==== Raw data

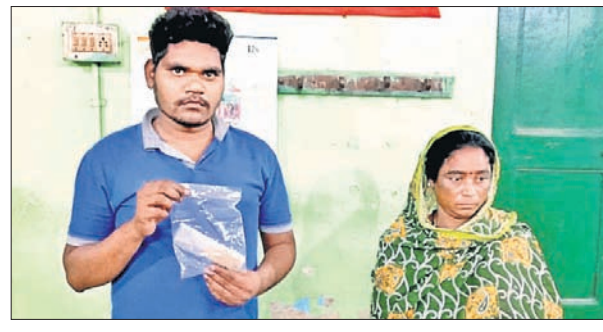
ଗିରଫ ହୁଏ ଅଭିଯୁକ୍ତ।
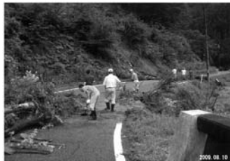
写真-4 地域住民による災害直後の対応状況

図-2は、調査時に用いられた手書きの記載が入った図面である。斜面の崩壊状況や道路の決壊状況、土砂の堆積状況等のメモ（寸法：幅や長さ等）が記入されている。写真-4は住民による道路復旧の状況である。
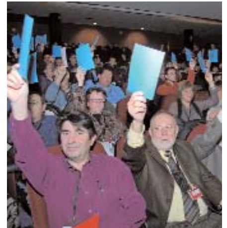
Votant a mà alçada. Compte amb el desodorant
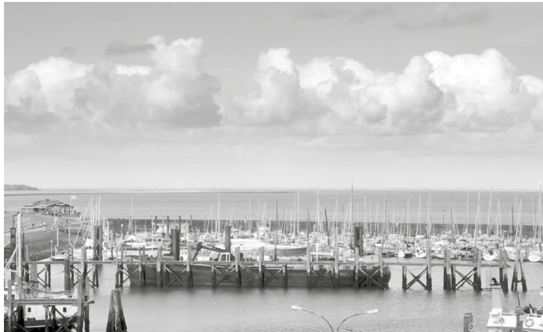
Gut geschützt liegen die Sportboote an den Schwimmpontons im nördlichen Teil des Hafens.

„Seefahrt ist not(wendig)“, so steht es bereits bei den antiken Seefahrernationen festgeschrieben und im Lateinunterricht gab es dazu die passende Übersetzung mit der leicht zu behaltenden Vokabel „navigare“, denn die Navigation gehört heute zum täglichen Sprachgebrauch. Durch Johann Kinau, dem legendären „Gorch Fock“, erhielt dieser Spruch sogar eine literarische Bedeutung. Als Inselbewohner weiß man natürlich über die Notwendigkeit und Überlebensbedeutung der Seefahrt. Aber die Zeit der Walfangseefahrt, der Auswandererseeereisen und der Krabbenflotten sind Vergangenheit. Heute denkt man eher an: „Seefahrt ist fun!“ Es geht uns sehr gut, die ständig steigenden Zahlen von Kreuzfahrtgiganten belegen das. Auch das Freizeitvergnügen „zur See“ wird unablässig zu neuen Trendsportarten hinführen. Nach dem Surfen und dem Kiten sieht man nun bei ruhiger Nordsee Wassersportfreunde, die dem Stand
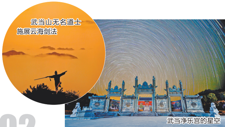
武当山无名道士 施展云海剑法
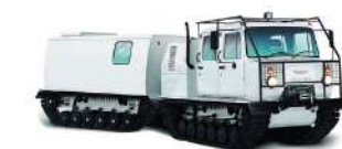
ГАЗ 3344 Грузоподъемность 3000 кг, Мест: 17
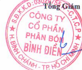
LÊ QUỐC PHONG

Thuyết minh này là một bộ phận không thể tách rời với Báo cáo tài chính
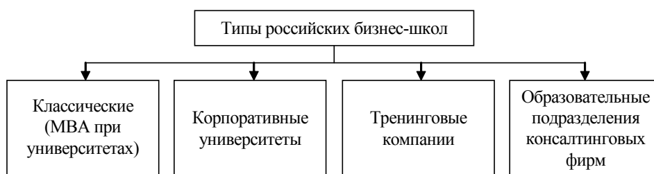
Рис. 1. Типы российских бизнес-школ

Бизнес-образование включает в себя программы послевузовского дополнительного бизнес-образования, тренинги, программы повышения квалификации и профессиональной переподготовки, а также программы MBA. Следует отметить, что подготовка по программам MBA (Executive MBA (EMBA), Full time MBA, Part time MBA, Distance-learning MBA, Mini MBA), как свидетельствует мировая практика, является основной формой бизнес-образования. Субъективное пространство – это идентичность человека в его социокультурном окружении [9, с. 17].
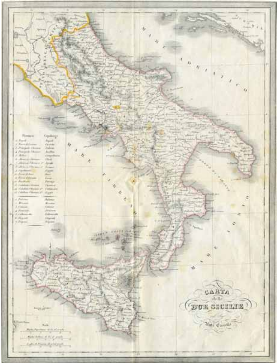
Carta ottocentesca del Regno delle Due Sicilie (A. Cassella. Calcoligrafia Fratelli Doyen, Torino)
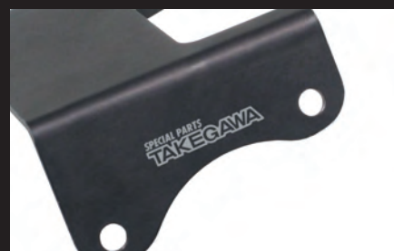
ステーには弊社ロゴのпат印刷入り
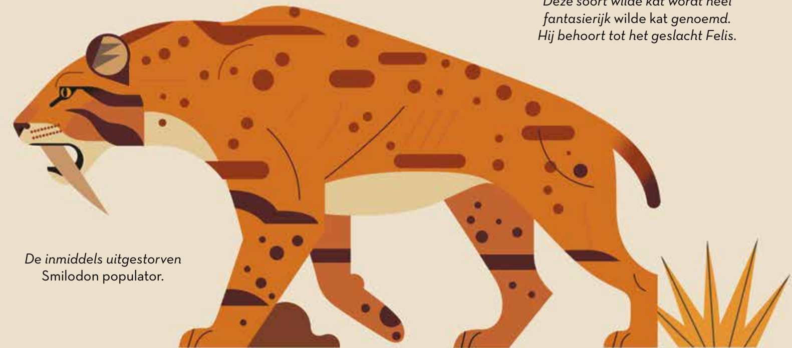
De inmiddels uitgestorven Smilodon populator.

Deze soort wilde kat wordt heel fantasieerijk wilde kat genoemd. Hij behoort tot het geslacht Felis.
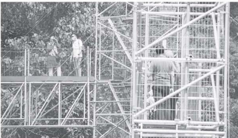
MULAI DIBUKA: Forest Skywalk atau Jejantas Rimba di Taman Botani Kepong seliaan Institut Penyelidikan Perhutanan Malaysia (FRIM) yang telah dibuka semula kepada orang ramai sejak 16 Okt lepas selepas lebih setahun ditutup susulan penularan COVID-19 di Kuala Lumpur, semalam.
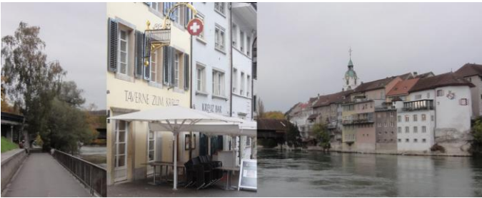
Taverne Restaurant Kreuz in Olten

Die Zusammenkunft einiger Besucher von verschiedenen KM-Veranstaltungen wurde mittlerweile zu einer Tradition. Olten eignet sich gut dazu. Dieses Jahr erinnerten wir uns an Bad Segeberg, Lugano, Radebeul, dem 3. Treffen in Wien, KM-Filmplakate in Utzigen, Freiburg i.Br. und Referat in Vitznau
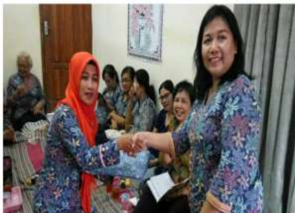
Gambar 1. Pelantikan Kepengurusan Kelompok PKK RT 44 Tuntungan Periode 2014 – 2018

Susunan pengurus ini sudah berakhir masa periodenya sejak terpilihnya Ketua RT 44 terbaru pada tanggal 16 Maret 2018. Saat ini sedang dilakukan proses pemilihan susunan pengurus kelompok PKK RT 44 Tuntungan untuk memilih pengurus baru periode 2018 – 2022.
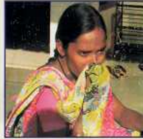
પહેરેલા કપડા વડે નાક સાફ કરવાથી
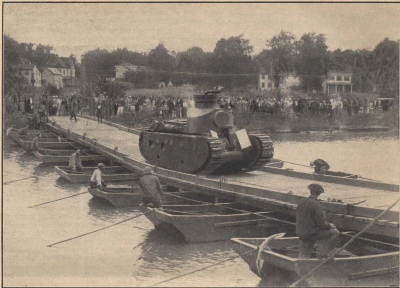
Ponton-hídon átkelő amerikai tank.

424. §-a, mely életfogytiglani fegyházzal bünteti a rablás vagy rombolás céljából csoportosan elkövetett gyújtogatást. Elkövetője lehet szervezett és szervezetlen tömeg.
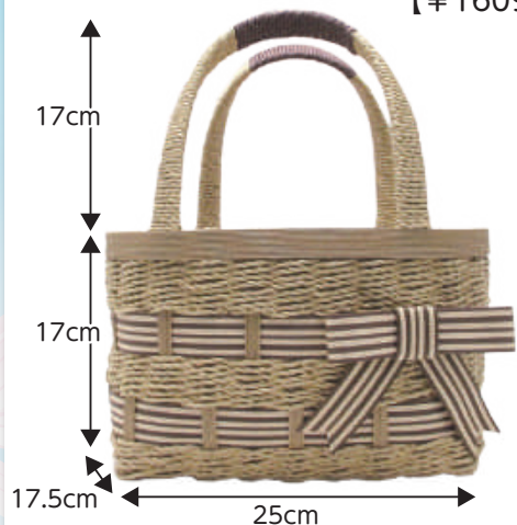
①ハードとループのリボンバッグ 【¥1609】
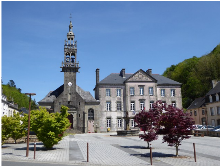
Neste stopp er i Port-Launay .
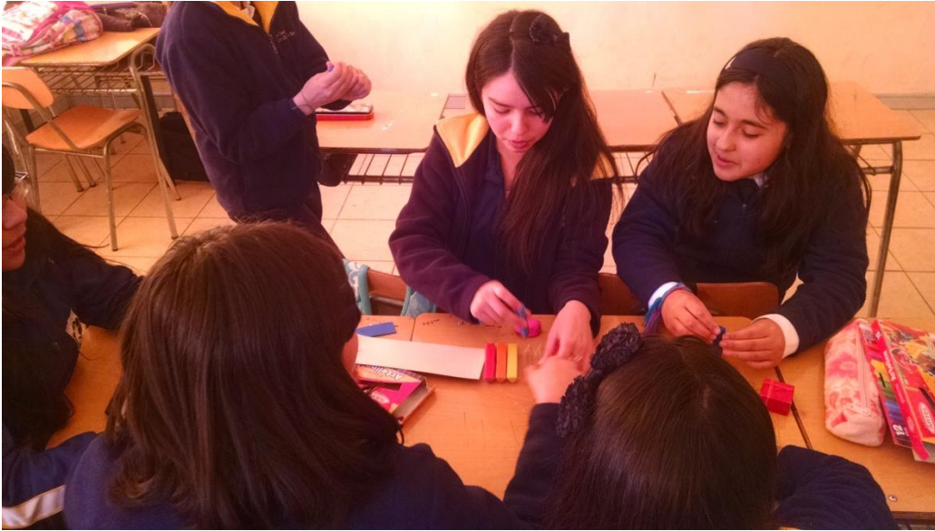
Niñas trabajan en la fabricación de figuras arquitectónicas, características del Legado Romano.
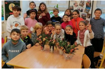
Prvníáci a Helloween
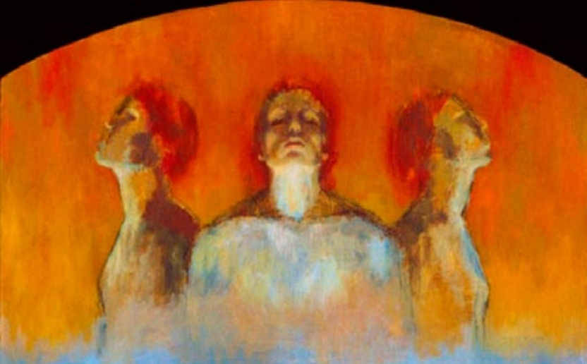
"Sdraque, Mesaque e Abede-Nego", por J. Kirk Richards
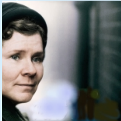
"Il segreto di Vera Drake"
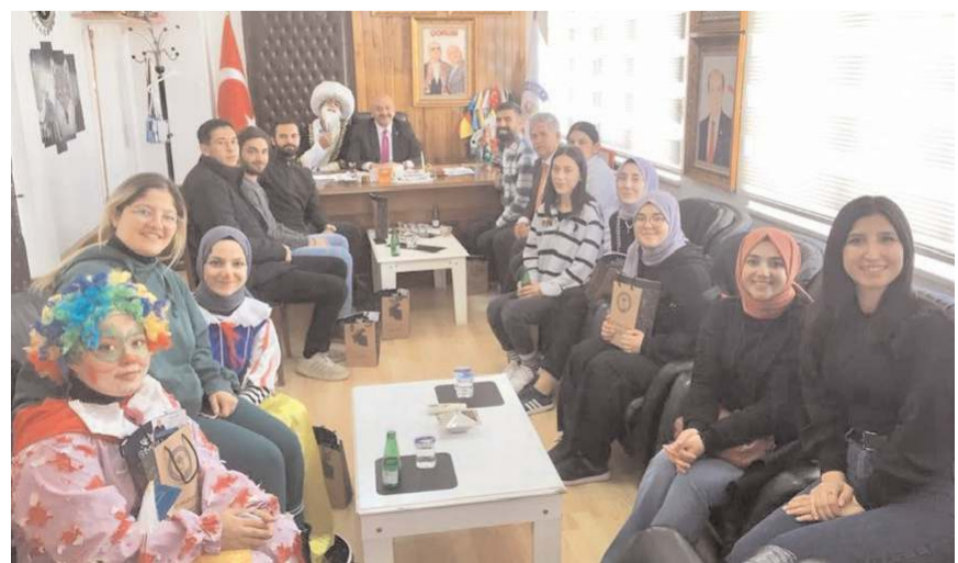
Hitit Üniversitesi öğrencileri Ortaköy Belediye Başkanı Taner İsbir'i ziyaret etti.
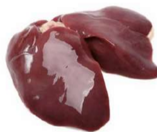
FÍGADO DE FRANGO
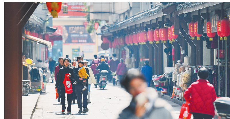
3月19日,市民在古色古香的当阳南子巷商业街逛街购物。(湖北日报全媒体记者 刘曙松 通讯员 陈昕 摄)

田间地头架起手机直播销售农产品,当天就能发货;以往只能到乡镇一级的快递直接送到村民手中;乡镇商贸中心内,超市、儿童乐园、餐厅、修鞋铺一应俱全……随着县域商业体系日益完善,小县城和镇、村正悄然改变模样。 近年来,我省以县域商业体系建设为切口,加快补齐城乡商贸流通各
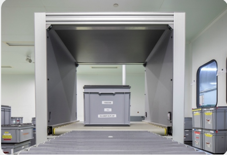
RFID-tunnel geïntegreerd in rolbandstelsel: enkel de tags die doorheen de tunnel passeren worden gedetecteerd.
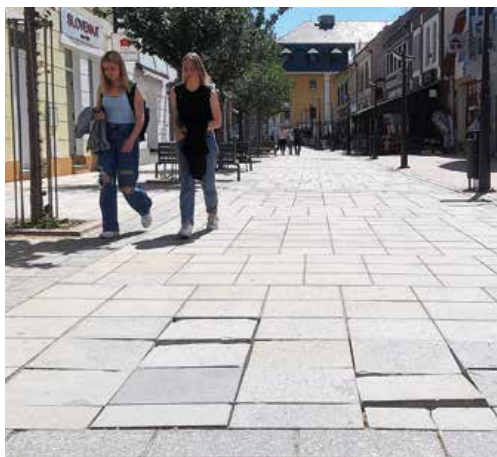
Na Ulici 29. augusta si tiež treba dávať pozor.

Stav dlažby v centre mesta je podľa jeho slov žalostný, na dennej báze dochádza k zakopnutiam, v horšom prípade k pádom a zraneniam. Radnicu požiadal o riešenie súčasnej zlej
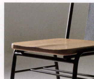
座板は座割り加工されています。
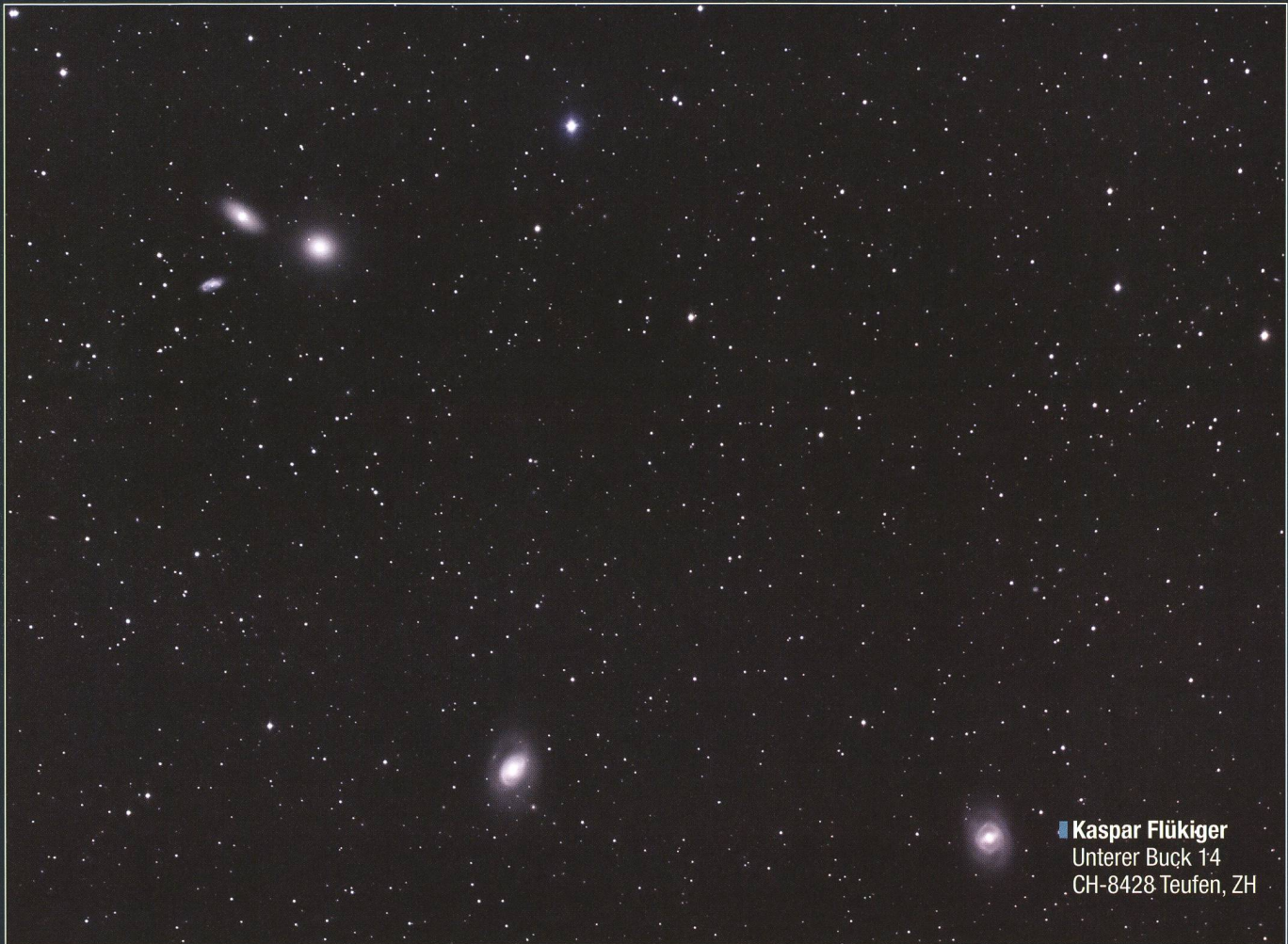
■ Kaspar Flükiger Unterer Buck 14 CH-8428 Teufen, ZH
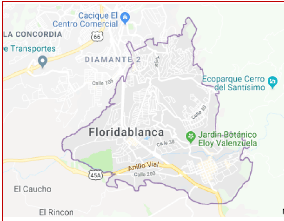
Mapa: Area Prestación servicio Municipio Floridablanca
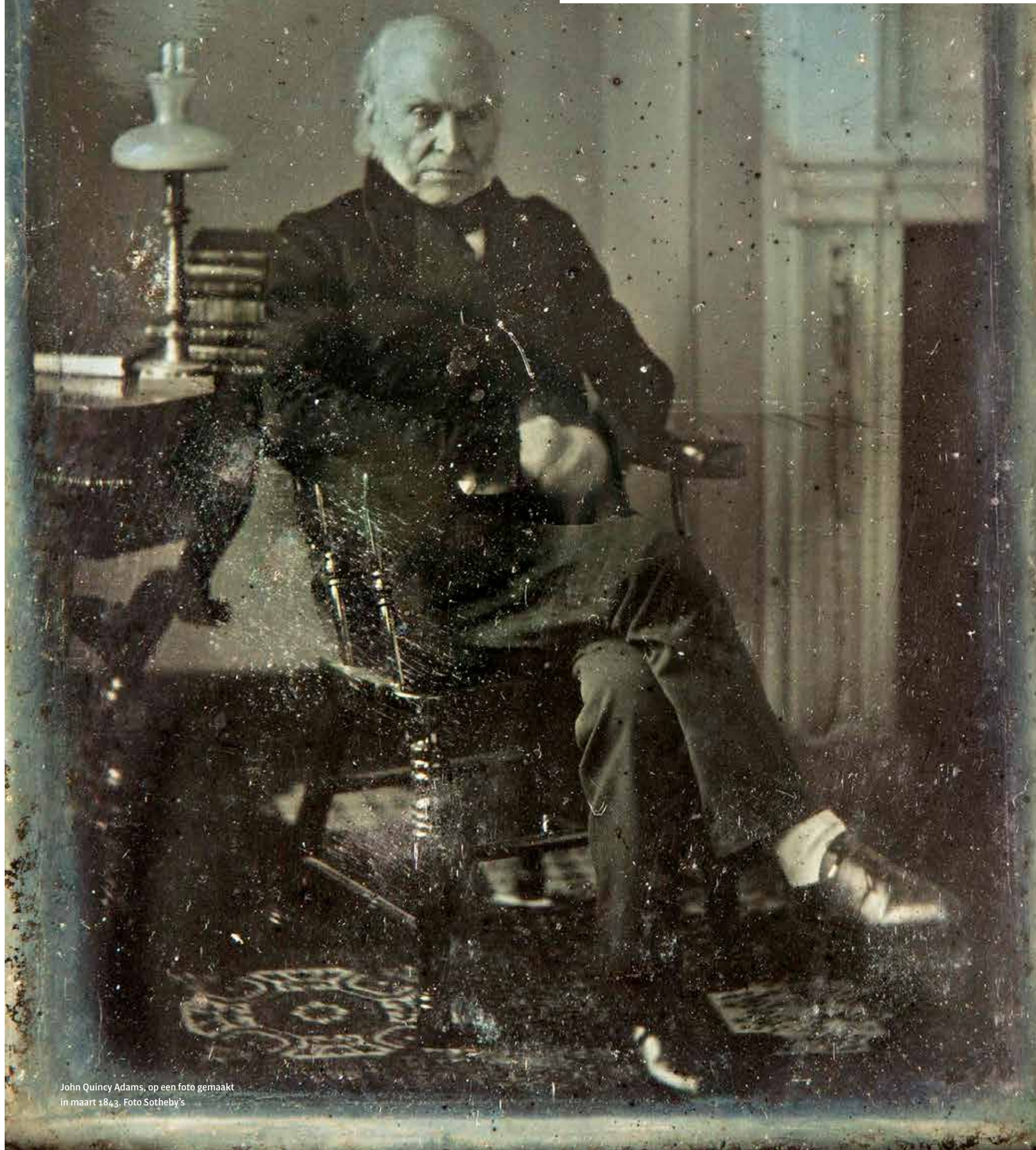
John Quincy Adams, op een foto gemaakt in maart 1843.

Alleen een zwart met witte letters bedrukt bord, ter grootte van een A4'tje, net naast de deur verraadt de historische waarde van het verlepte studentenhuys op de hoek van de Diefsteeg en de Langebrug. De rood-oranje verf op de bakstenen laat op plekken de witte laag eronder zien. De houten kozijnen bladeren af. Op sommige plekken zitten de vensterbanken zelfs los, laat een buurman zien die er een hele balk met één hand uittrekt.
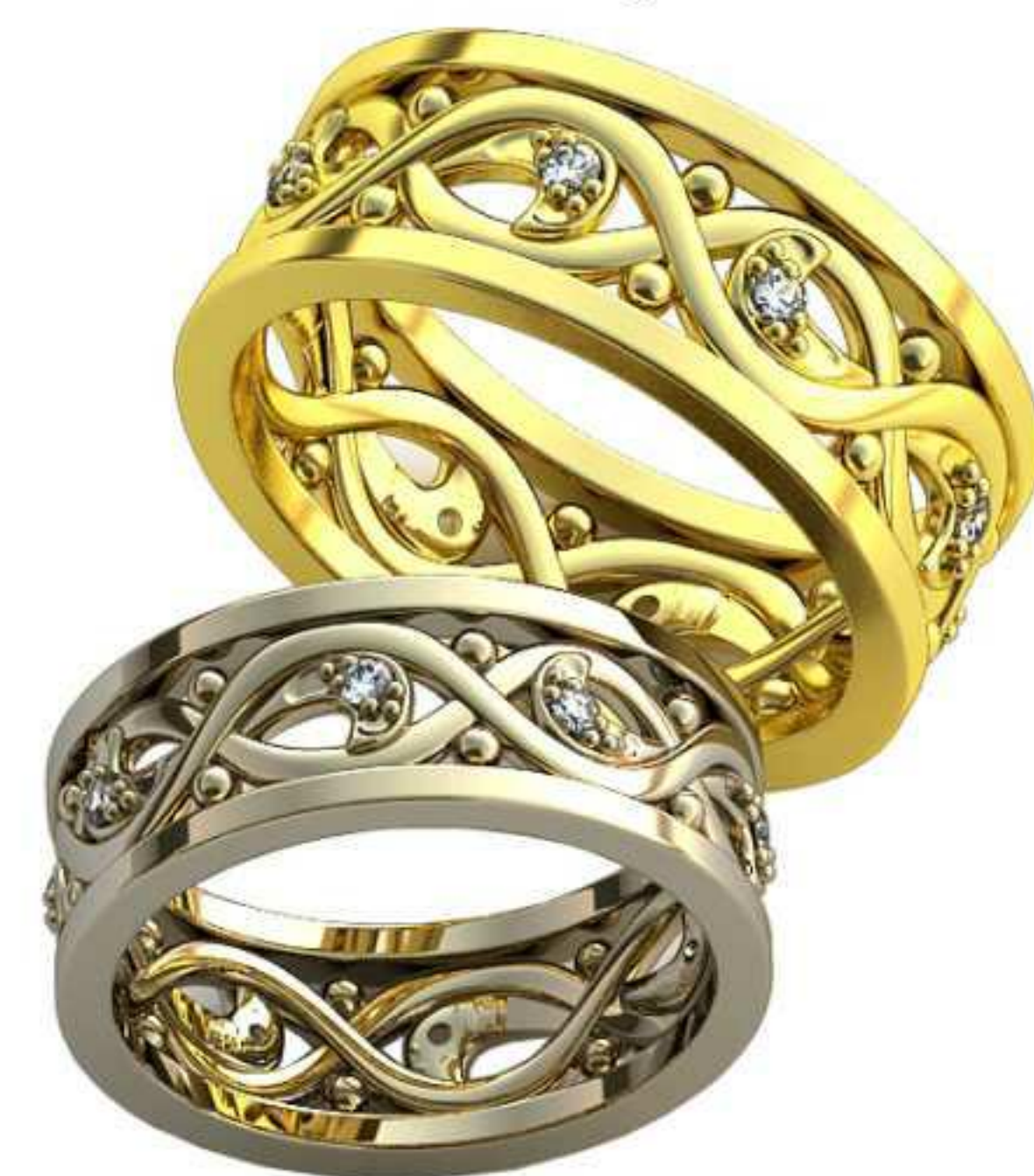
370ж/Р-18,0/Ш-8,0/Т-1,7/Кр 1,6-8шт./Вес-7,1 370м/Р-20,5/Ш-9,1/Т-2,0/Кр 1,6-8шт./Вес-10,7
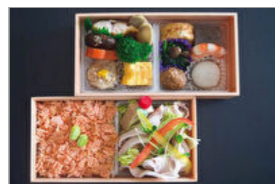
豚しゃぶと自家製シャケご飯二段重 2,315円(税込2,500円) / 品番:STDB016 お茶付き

========

▶ **Activity**
From the records above, transcribe exactly the lines starting at the one containing "પહેરેલા કપડા વડે નાક સાફ કરવાથી" and ending at the one containing "Stav dlažby v". Skip the pictures.

▶ **Answer space**
પહેરેલા કપડા વડે નાક સાફ કરવાથી
Ponton-hídon átkelő amerikai tank.

424. §-a, mely életfogytiglani fegyházzal bünteti a rablás vagy rombolás céljából csoportosan elkövetett gyújtogatást. Elkövetője lehet szervezett és szervezetlen tömeg.
①ハードとループのリボンバッグ 【¥1609】
Neste stopp er i Port-Launay .
Niñas trabajan en la fabricación de figuras arquitectónicas, características del Legado Romano.
Prvníáci a Helloween
"Sdraque, Mesaque e Abede-Nego", por J. Kirk Richards
"Il segreto di Vera Drake"
Hitit Üniversitesi öğrencileri Ortaköy Belediye Başkanı Taner İsbir'i ziyaret etti.
FÍGADO DE FRANGO
3月19日,市民在古色古香的当阳南子巷商业街逛街购物。(湖北日报全媒体记者 刘曙松 通讯员 陈昕 摄)

田间地头架起手机直播销售农产品,当天就能发货;以往只能到乡镇一级的快递直接送到村民手中;乡镇商贸中心内,超市、儿童乐园、餐厅、修鞋铺一应俱全……随着县域商业体系日益完善,小县城和镇、村正悄然改变模样。 近年来,我省以县域商业体系建设为切口,加快补齐城乡商贸流通各
RFID-tunnel geïntegreerd in rolbandstelsel: enkel de tags die doorheen de tunnel passeren worden gedetecteerd.
Na Ulici 29. augusta si tiež treba dávať pozor.

Stav dlažby v centre mesta je podľa jeho slov žalostný, na dennej báze dochádza k zakopnutiam, v horšom prípade k pádom a zraneniam. Radnicu požiadal o riešenie súčasnej zlej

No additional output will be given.